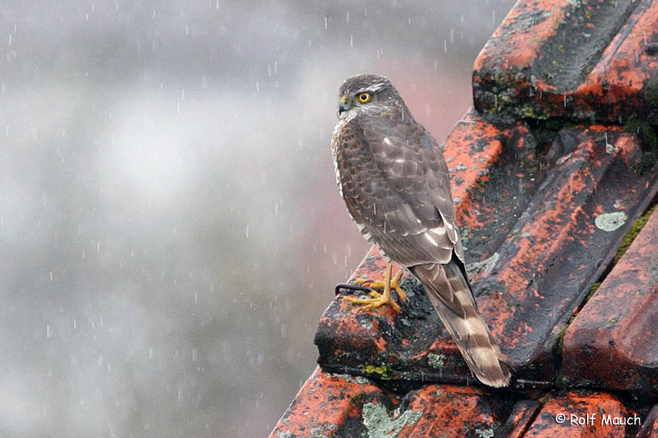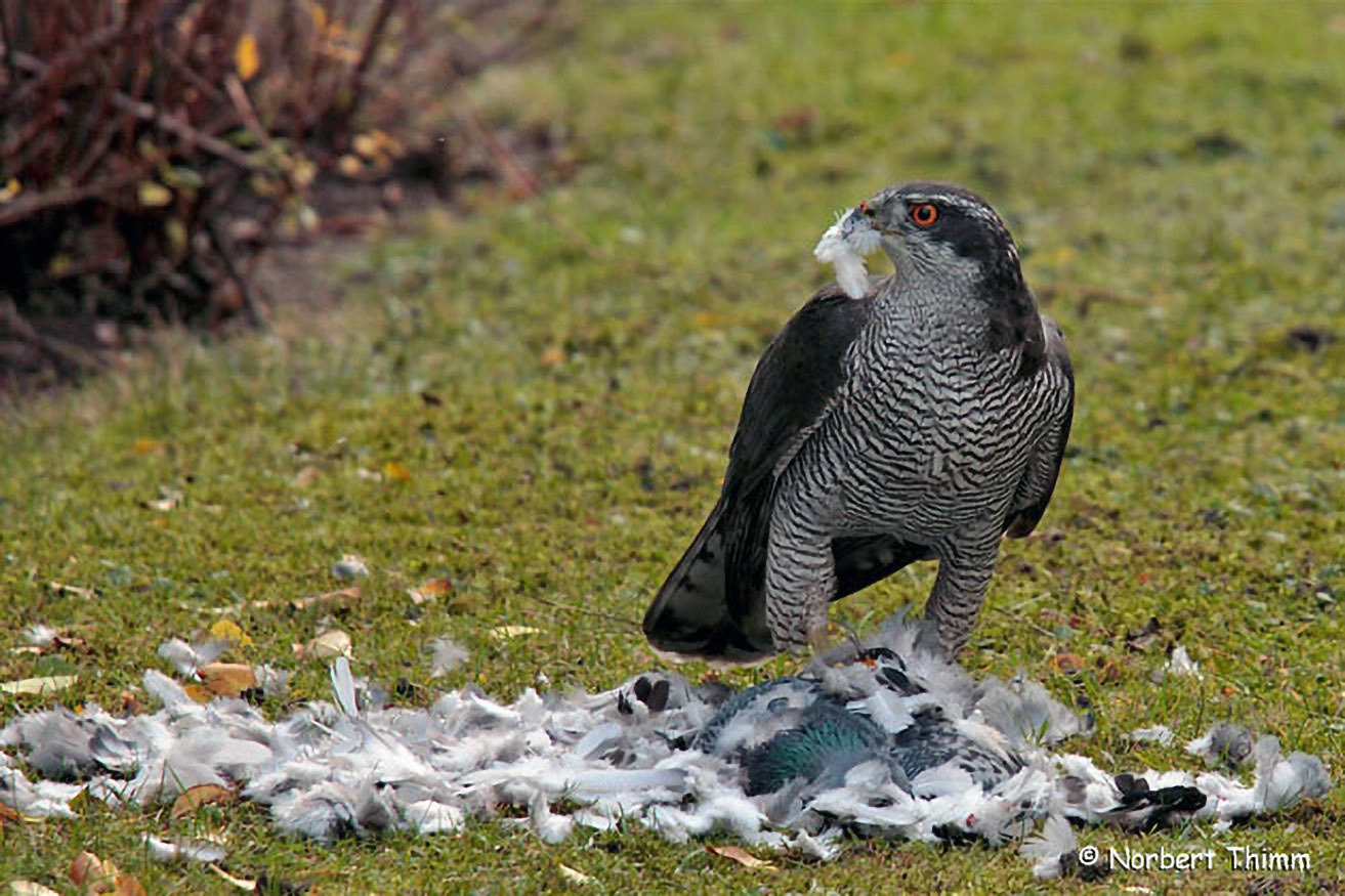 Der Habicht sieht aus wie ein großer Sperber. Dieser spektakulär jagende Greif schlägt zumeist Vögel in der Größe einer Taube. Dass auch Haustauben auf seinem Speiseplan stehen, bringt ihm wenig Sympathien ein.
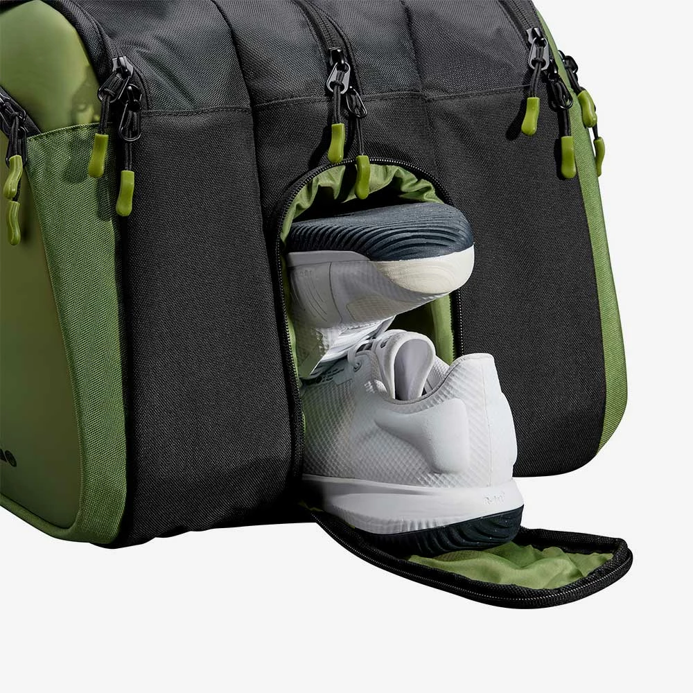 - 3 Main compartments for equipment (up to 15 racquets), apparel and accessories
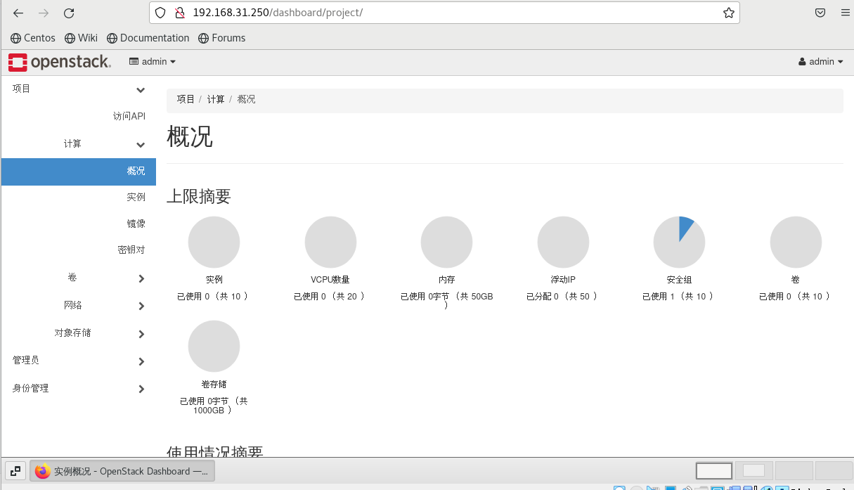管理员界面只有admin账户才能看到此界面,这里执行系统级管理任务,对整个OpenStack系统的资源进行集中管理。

___

### Task brief:
An exact copy of the material above is required, free of any pictures.

### Written solution:
 Der Habicht sieht aus wie ein großer Sperber. Dieser spektakulär jagende Greif schlägt zumeist Vögel in der Größe einer Taube. Dass auch Haustauben auf seinem Speiseplan stehen, bringt ihm wenig Sympathien ein.
 - 3 Main compartments for equipment (up to 15 racquets), apparel and accessories
管理员界面只有admin账户才能看到此界面,这里执行系统级管理任务,对整个OpenStack系统的资源进行集中管理。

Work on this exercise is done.